No one is going to lose their health plan. Really?? (I lost mine.)
Both sides of this debate need a plan to follow the Supreme Court decision, either way, next month.
http://bostonherald.com/news/opinion/op_ed/view/20220529obamacare_diagnosed_as_quackery_court_congress_advised_to_quash_itObamacare diagnosed as quackery
Court, Congress advised to quash it
By Sally C. Pipes
Tuesday, May 29, 2012 - Updated 1 day ago
The Supreme Court hasn’t yet rendered its verdict on Obamacare, but the nation’s doctors have. And they think it will wreck America’s health care system.
The latest evidence comes from a new survey of young doctors by the Physicians Foundation. Nearly 60 percent of doctors aged 40 and under are pessimistic about the future of American health care. Just 22 percent are optimistic.
The number-one reason doctors cited for their pessimism? Obamacare, which was singled out by more than a third. Add in related concerns — like distrust of government to do the right thing and the feeling that government intervention hurts patient care — and the docs’ hostility to Obamacare becomes even more intense.
When asked specifically for their diagnosis of Obama- care, just 23 percent say it will have a positive impact on their practice. Half say the effect will be negative.
These findings line up with an earlier survey of doctors by consulting firm Deloitte, which found that two-thirds of all doctors expect the quality of health care to decline under Obama- care.

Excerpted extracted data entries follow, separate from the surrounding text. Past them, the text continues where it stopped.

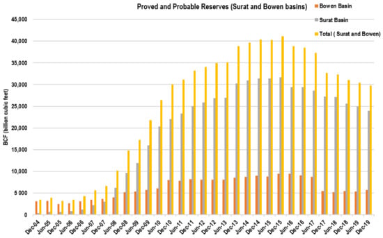 2P reserves for the Surat and Bowen Basins since 2005 [27].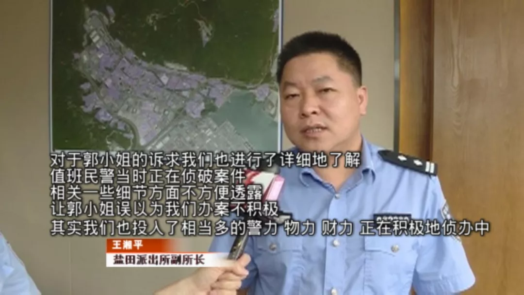 派出所表示,案件正在偵查當中記者也和郭女士來到鹽田派出所,由于負責此案的蔡警官正值休假,派出所的一位值班領導,對郭女士當時所遭遇的處境,進行了情況說明。
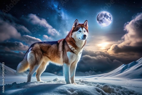 Naklejka premium Siberian Husky Night Photography, Fluffy Dog, Winter Dog, Snowy Night, Rule of Thirds Composition, Dog Portrait, Husky in Snow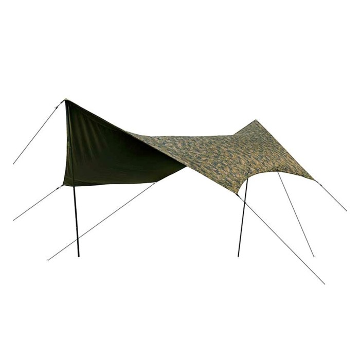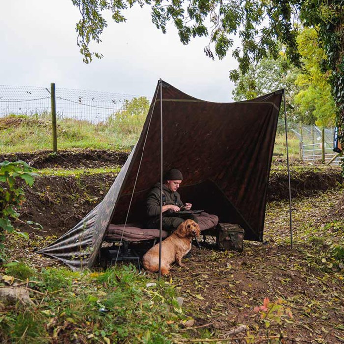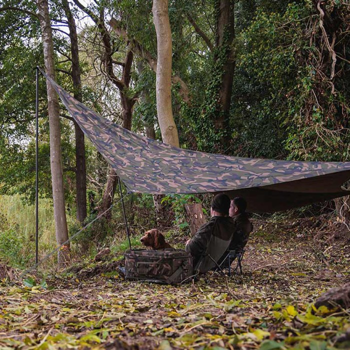 Designed to shield you from both rain and sun, it keeps your gear and shelter dry and comfortable. Crafted from 100% polyester with a khaki laminate finish, it reduces light penetration and provides full 100% waterproof protection, all while remaining lightweight and compact for easy transport.Its versatile design makes it perfect for a wide range of activities. Whether you're protecting your bait and tackle, extendingBivvies, or creating a sheltered outdoor cooking area, this tarp is your ideal companion for all your Carp Fishing sessions. The reinforced corners, complete with eyelets, allow you to secure the tarp with storm cords,or tent pegs and give more strength where the tarp is likely to contact the ground.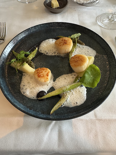 Read moreWir haben im Landhaus Mönchwerth am frühen Samstag Abend zusammen mit Freuden gegessen. Der Tisch erlaubte einen Blick auf den Rhein, und das Ambiente wurde nur wenig durch den Fluglärm des Düsseldorfer Flughafens beeinträchtigt. Aber darauf hat vor Ort ja niemand einen Einfluß. Das Restaurant war bei weitem nicht voll besetzt, dennoch schaffte man es nicht, die bestellten Hauptgerichte in einer angemessenen Zeit zu servieren. Zwischen Vorspeise und Hauptgericht lagen 50 Minuten. Als ich vorsichtig andeutete, dass ich nun gerne essen würde, da 2 Personen von uns keine Vorspeisen gewählt hatten, sagte man mir, dass man sich bemühe bald zu servieren, dass man aber mit diesem Zeitablauf immer rechnen müsse. Der Service war zwar sehr freundlich, aber nicht gut. Die Auswahl an vegetarischen Gerichten war sehr übersichtlich, und jeder von uns wählte ein anderes Gericht. Ich hatte keine Vorspeise, und als Hauptspeise Kamm vom Lamm mit Rattatouille und Wildbrokkoli und als Nachspeise eine Panna cotta in einer Art Orangenjus. Beides war keine Offenbarung. Das Lamm war medium wie gewünscht, aber einfach langweilig. Der Orangenjus zum panna cotta war süss wie Orangensirup. Zu den Preisen, die für die Gerichte aufgerufen wurden : Kamm vom Lamm 45€ und Panna cotta 17€ wurden unsere Erwartungen nicht erfüllt. Unser Schwerpunkt lag nicht auf einer umfangreichen Weinbegleitung, da 2 von uns keinen Wein tranken, aber die offenen Weine des Hauses die gewählt wurden, wurden beide sozusagen als 'letzter Schluck aus der Flasche' serviert und danach freundlicherweise aus einer anderen Flasche aufgefüllt. Hab' ich so in der Preisklasse bisher nicht erlebt , vielleicht hätten wir dann doch eine Flasche von der Weinkarte wählen sollen. Kurzum, es war kein schlechter Abend, weil wir uns sehr nett unterhalten haben, aber, excusez moi, für 110€ pro Person für ein einfaches Gericht mit einer einfachen Nachspeise, 2 Gläsern Riesling und einem Aperitif ist noch sehr viel...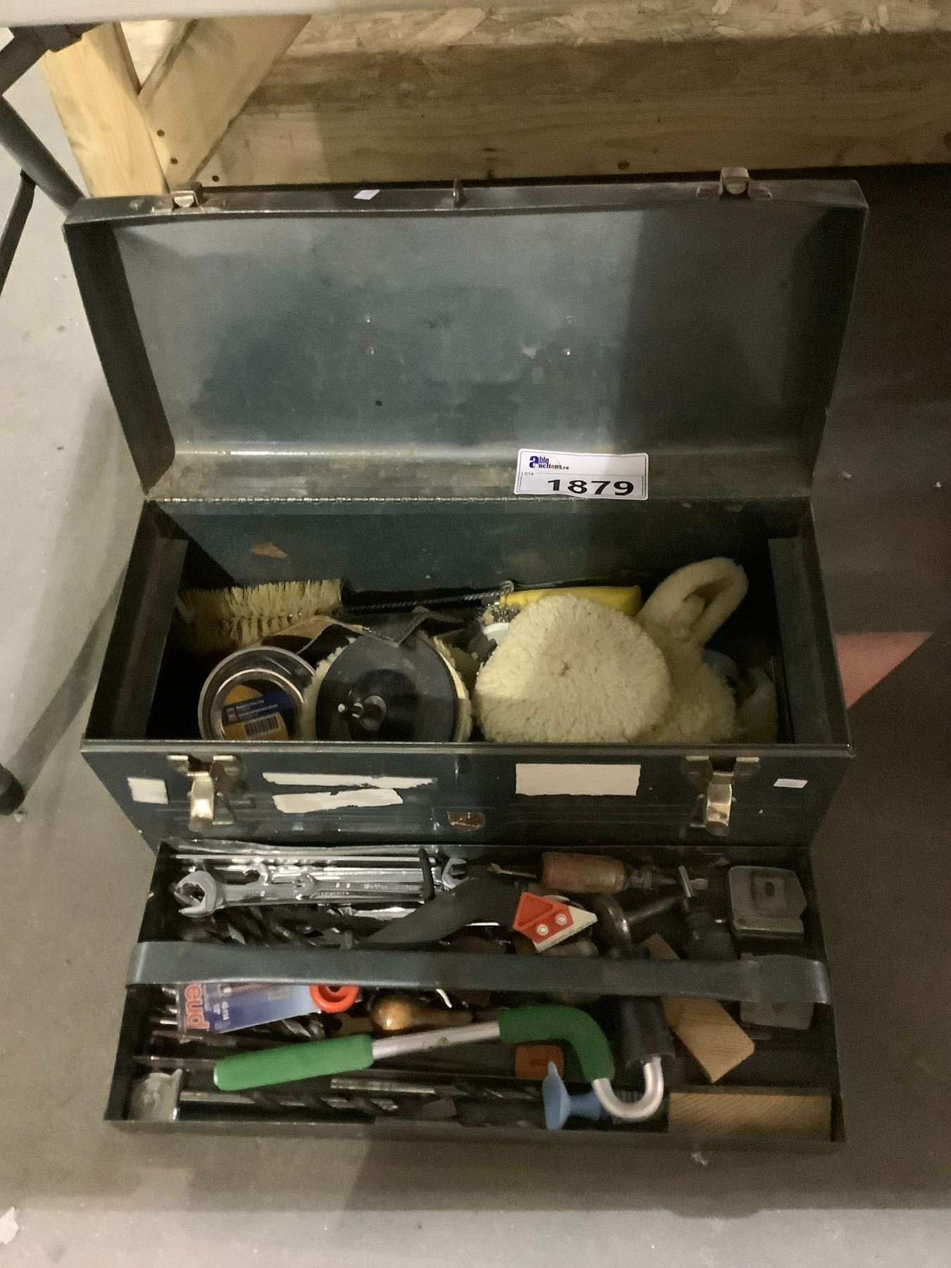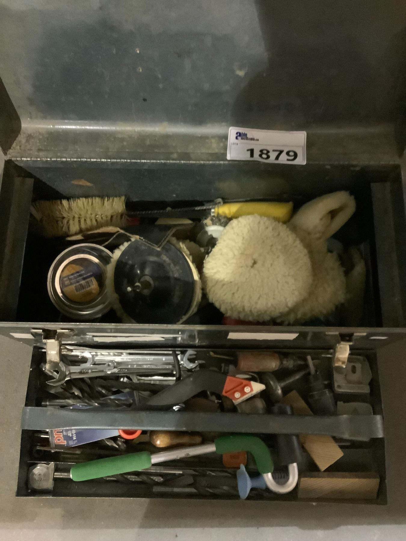 GREY TOOLBOX WITH CONTENTS INCLUDING; WAXING PADS, PAINT ROLLER, MAGNETIC PARTS TRAY & MORE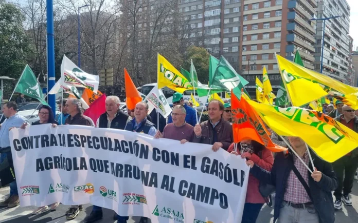 Un millar de agricultores convocados por todas las organizaciones agrarias han vuelto a salir a las calles para  protestar este miércoles en Valladolid contra «la especulación feroz» en los precios el gasóleo agrícola y de los fertilizantes, y para reclamar al Gobierno ayudas directas al sector por la crisis económica derivada de la guerra entre Estados Unidos e Israel contra Irán.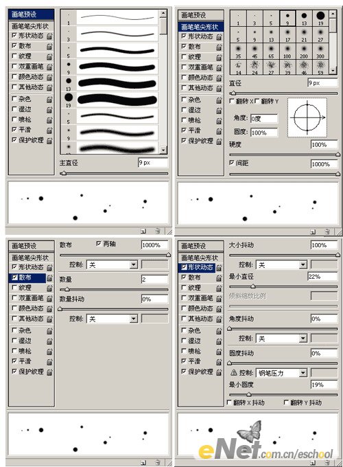 16.下面我們來制作一些星星。建立一新圖層并用黑色填充再重命名為b stars,設置圖層混合模式為顏色減淡。之后選擇畫筆工具對其做一下設置在圖中編輯出如下所示的星星。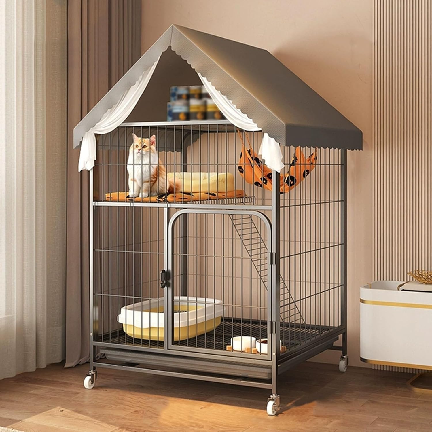 Metal Wire Folding Rabbit Cage:Creating a safe and cozy environment for your pets is essential, and our indoor dog crate and cat cage provide the perfect solution. Designed specifically for dogs and cats, this versatile metal cage offers a secure space where your pets can rest and feel at ease, especially during stressful situations such as visits from unfamiliar guests. This large metal wire cat cage, equipped with wheels, ensures easy mobility, allowing you to reposition the crate as needed. The included cat hammock and mesh foot pad add extra comfort for your furry friends, while the tray simplifies cleanup, making it an ideal choice for busy pet owners. Our cat enclosure is not just a cage; it’s a secure retreat that helps alleviate separation anxiety in dogs and provides a relaxing haven for cats. Whether you're training your puppy or giving your cat a safe space to unwind, this product is tailored to meet your needs. Constructed from durable metal, this indoor crate is designed to withstand daily use while ensuring your pets remain safe and secure. Assembly is straightforward, and with careful attention to the product details, you can enjoy peace of mind knowing your pets are well taken care of. Invest in your pet's comfort and safety with our indoor dog crate and cat cage, where functionality meets comfort. Your pets deserve a space that is both secure and inviting!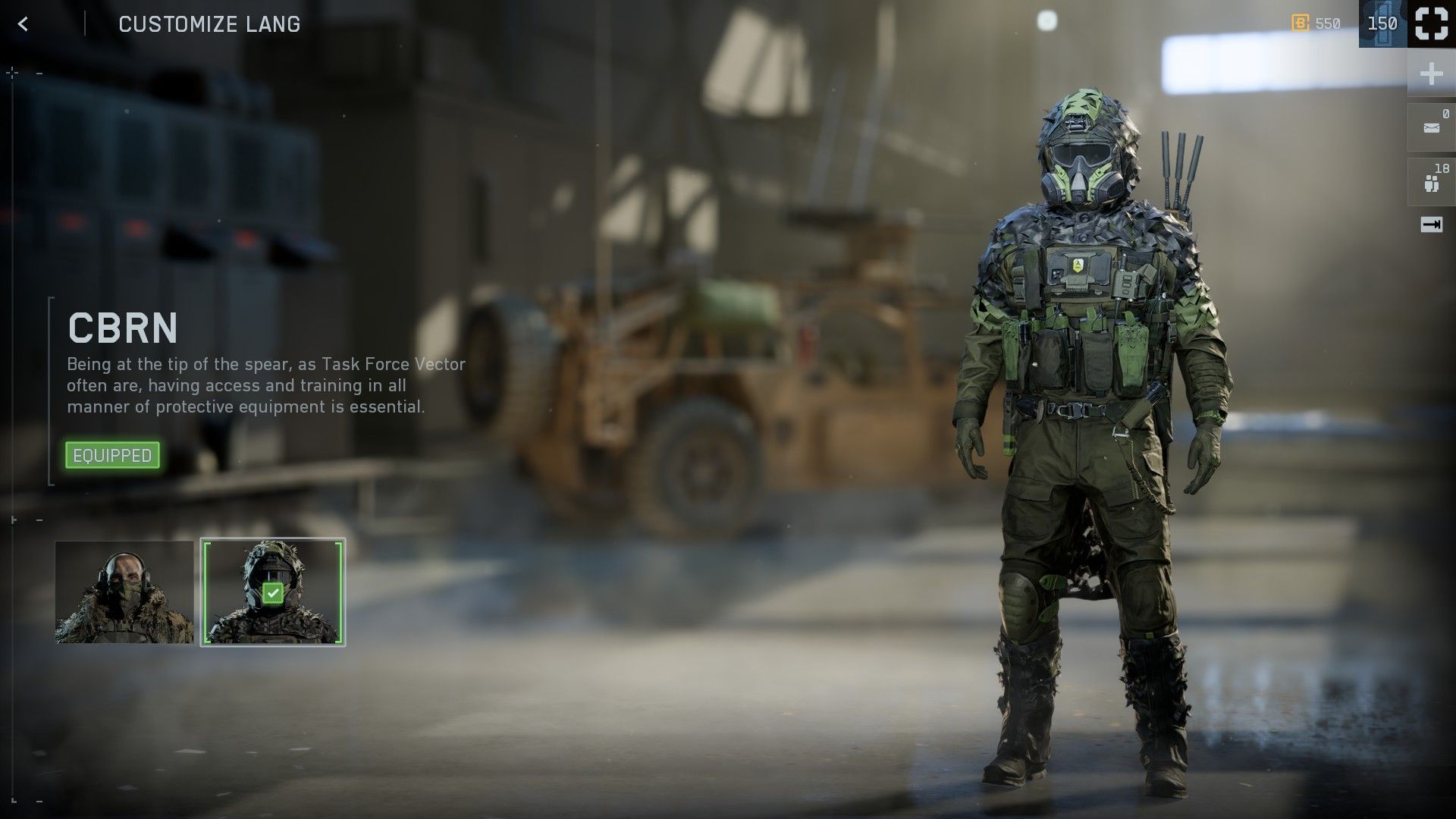 Operator Lang is now available, including a new CBRN skin for him. The Desert Locusts Engineer for NATO also receives a Hazmat skin.

Physician pessimism is understandable, as Obama- care’s promises are crumbling even before the law takes full effect.
For example, Americans were promised repeatedly that they could keep their insurance if they liked it. But the Congressional Budget Office (CBO) now admits that as many as 20 million people could lose their employer-provided coverage and have to buy insurance on government-run exchanges.
Obamacare was also supposed to bend the health care cost curve down, but the government now estimates that it will add more than $300 billion to the nation’s health tab over the next decade. According to the CBO, the cost of the law over the decade commencing in 2010 has risen to $1.76 trillion — almost double the original estimate of $940 billion.
Why should doctors trust that Obama- care’s other promises about improving the quality of care will be any more reliable? After all, Obamacare contains several provisions expressly designed to limit doctors’ ability to effectively treat their patients.
Take the law’s Accountable Care Organizations (ACOs). These integrated networks of health care providers are supposed to improve the coordination of Medicare patients’ care by bringing multiple doctors under one roof.
Improved communication among doctors should lead to less waste and lower costs — or so the theory goes.
But according to the Cleveland Clinic — one of the health systems that inspired the ACOs — the administration’s rules are “replete with prescriptive requirements that have little to do with outcomes” and “detailed governance and reporting requirements that create significant administrative burdens.”
In other words, ACOs will effectively dictate to doctors how they must treat their patients.
Or consider the Independent Payment Advisory Board (IPAB). The board has broad authority to force Medicare to meet pre-set spending targets.
But the panel cannot make any changes to Medicare’s fee-for-service structure or adjust the level of benefits that seniors receive. So the board has only one legitimate option for getting Medicare spending under the targets — lowering reimbursement rates for doctors, nurses and hospitals.
Lower reimbursements may cause some providers to reduce the number of Medicare patients they’ll see — or refuse to treat them altogether.
Already, some doctors are shutting their doors to senior citizens. An American Medical Association survey found that nearly a third of primary care physicians restrict the number of Medicare patients they will see.
Another Obamacare creation, the Patient-Centered Outcomes Research Institute, will be just as destructive as IPAB. It is supposed to improve health care quality by comparing the effectiveness of different treatments.
But this “outcomes research” will likely be used to create top-down treatment guidelines that physicians will be expected to follow in order to get paid — even if the recommendations contradict their judgment of what’s best for a particular patient.
Such research led federal officials to recommend three years ago that women avoid getting regular mammograms in their 40s, even though breast cancer is the leading cause of death in women aged 35 to 50.
The Supreme Court could invalidate Obamacare in its entirety this June, when it renders its verdict on the law’s constitutionality. If it doesn’t, then Congress will need to heed the warning coming from the nation’s doctors that Obamacare is the wrong prescription for the nation’s health care system.
Sally C. Pipes is president and CEO of the Pacific Research Institute.